Department of Higher and Technical Education

Department overview
- Jurisdiction: Government of Jharkhand
- Headquarters: Yojana Bhawan, Nepal House, Doranda, Ranchi, Jharkhand;
- Minister responsible: Vacant, Minister of Higher and Technical Education, Jharkhand;
- Department executive: Rahul Kumar Purwar, IAS, Principal Secretary;
- Parent department: Government of Jharkhand
- Website: Official website

= Department of Higher and Technical Education (Jharkhand) =

Government Department of Jharkhand

The Department of Higher and Technical Education is a department under the Government of Jharkhand. It is responsible for the governance, regulation and development of higher and technical education in the state, including policy formulation, coordination with universities and oversight of government and government-aided institutions.

==Ministerial team==
The ministerial team is headed by the Cabinet Minister for Higher and Technical Education. Civil servants such as the Principal Secretary are appointed to support the minister in managing the department and implementing its functions. Since December 2024, the minister for Department of Higher and Technical Education is Sudivya Kumar.

==Departments==
- Directorate of Higher Education
- Directorate of Technical Education
===Autonomous bodies===
- Jharkhand University of Technology (JUT)
===Board and Councils===
- Jharkhand Combined Entrance Competitive Examination Board (JCECEB)
- Jharkhand State Higher Education Council (JSHEC)
- Jharkhand Council on Science, Technology & Innovation (JCSTI)

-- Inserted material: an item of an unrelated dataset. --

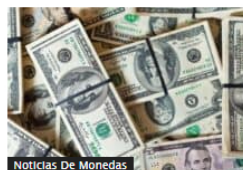
Noticias De Monedas Dólar en Colombia aumenta por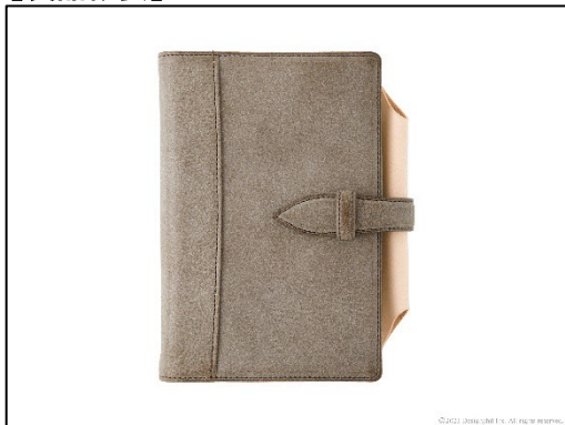
「ピラス」の美しい曲線と切り替えデザインを踏襲

==List of Government Technical Institutions==
===Engineering===
- Birsa Institute of Technology Sindri (BIT Sindri)
- Government Engineering College, Palamu (GEC Palamu)
- Government Engineering College Bokaro (GEC Bokaro)
- Government Engineering College Godda (GEC Godda)

==See also==
- Government of Jharkhand
- List of institutions of higher education in Jharkhand
- Department of Higher Education (India)
- Ministry of Education (India)
- University Grants Commission (India)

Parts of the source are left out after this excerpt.